There are almost 100 active startup accelerators in Europe today - robinwauters
http://tech.eu/research/29/there-are-roughly-100-active-startup-accelerators-europe/
We just launched Tech.eu, a new digital publication covering European tech innovation in depth, and one of our first posts is about the sheer number of startup accelerators currently operating across Europe today. Hopefully this submission isn&#x27;t regarded as too promotional - we just figured Hacker News might be interested in this sort of thing :)
======
DanielBMarkham
Last week I was having a conversation with some local college folks who were
setting up our own entrepreneurial courses. I pointed out that this is really
a new area.

"No it's not," they assured me. In fact, we're behind the curve.

They missed my point. Yep, Harvard, Yale, Stanford, and every other big
college has had an entrepreneurial track for some time now. The problem is
that there's no feedback loop in place to tell if they're actually doing any
good or to determine what needs adjustment in the material or presentation.
Yes, the knowledge is out there. It's the _performance_ that's never been part
of the equation. Hell, I can teach you about damn near anything, and do a
great job of it, as long as there's no measurement on the value of the
education you're receiving. Once you start measuring traction, however, it's a
different story. And startups are about nothing if not traction. If you don't
have traction, you don't have a startup, you have a hobby.

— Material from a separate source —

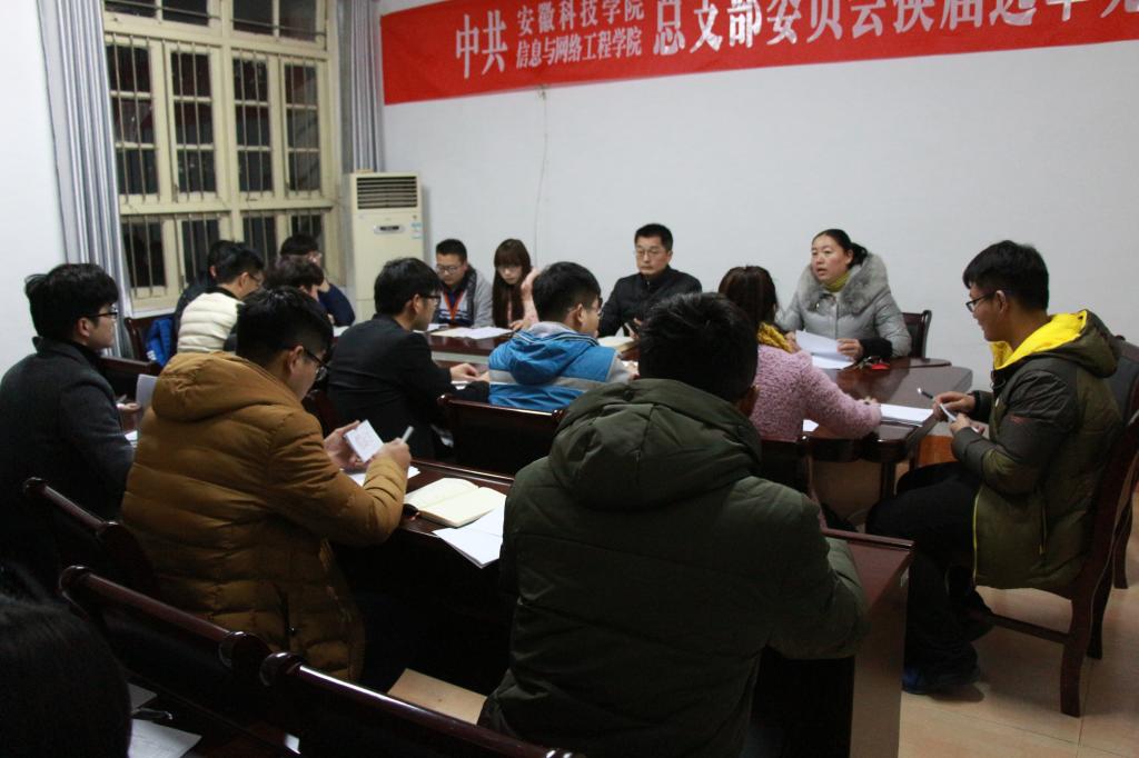 12月23日下午,信息与网络工程学院在院会议室召开各班级班长会议,部署期末学生工作和凤阳县人大换届选举学生投票选举工作,党总支书记王振其出席会议并讲话,会议由副处级辅导员韦乃学主持。

I feel the same way about these accelerators, and the hundreds more around the
world. Good luck to them, and I'll do anything I can help, but I am doubtful
these will amount to much without some tight feedback loops and control
systems in place. Perhaps a good, open, world-wide system of sharing lessons
learned. We have a long, long way to go.

------
skrebbel
Are there any recent European tech startups that deserve to be called a big
success?

Spotify is on my list. Maybe Soundcloud. Some of the Rocket Internet
businesses(1) maybe, but is Zalando really a tech business? Was Zappos ever
one?

I bet I'm forgetting one or two more though. Either way, it's not going to be
very impressive.

I overheard someone say a while ago that the hottest startups in the
Netherlands are all incubators.

[1] Rocket Internet is a company that starts startups that copy the concept of
successful USA-targeting companies and does the same in Germany, then Europe.
Zalando is a Zappos ripoff, there's also Paymill (Stripe), and a whole bunch
more.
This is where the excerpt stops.